Given records
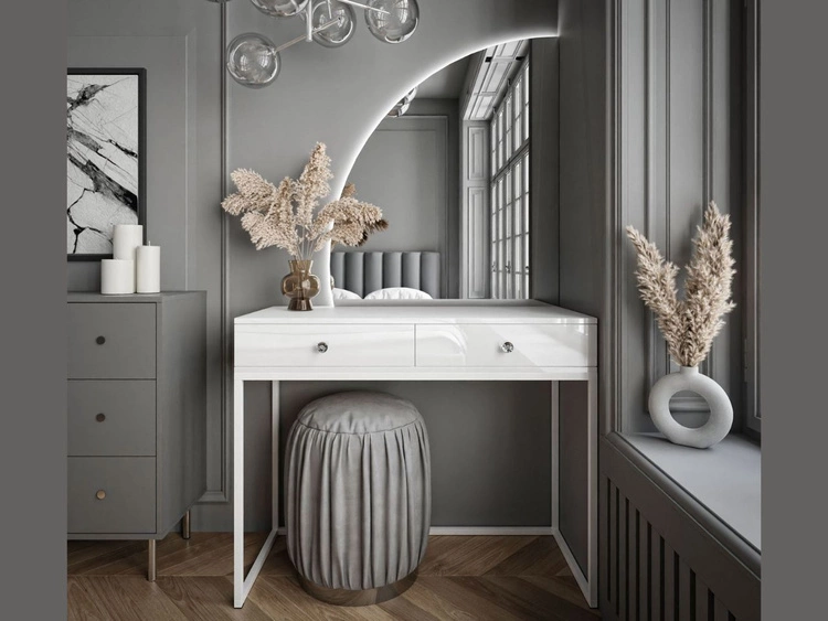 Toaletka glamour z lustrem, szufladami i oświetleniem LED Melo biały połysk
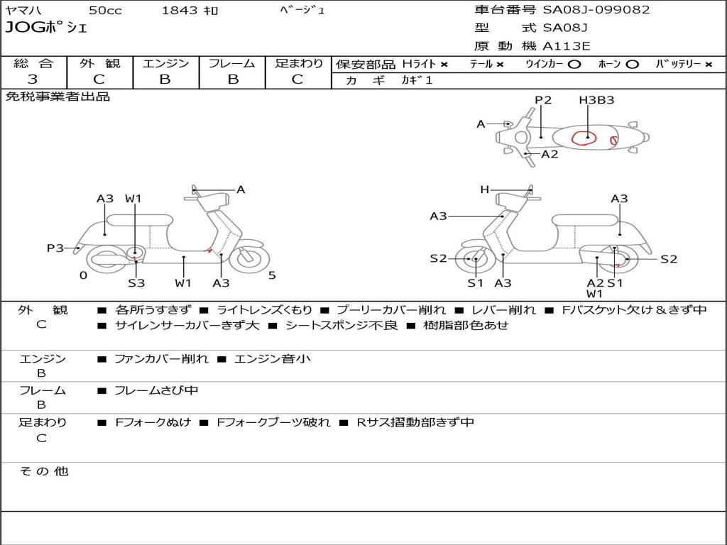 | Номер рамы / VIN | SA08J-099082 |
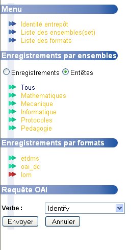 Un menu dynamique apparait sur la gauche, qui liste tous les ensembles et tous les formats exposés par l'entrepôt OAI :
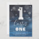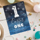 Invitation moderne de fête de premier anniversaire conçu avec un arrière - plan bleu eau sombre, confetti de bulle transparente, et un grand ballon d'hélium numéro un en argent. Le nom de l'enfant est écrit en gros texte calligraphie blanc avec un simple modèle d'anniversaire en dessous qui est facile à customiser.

--

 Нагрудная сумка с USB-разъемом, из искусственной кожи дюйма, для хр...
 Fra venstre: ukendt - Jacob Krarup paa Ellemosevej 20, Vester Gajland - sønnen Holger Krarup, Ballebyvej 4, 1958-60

==

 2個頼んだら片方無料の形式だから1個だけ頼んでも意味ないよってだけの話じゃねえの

What you will do
Repeat only the stretch of data above that runs from the line with "Un menu dynamique" to the line with "Invitation moderne de". Keep both end lines; exclude pictures.

Result of this task
 Un menu dynamique apparait sur la gauche, qui liste tous les ensembles et tous les formats exposés par l'entrepôt OAI :
 Invitation moderne de fête de premier anniversaire conçu avec un arrière - plan bleu eau sombre, confetti de bulle transparente, et un grand ballon d'hélium numéro un en argent. Le nom de l'enfant est écrit en gros texte calligraphie blanc avec un simple modèle d'anniversaire en dessous qui est facile à customiser.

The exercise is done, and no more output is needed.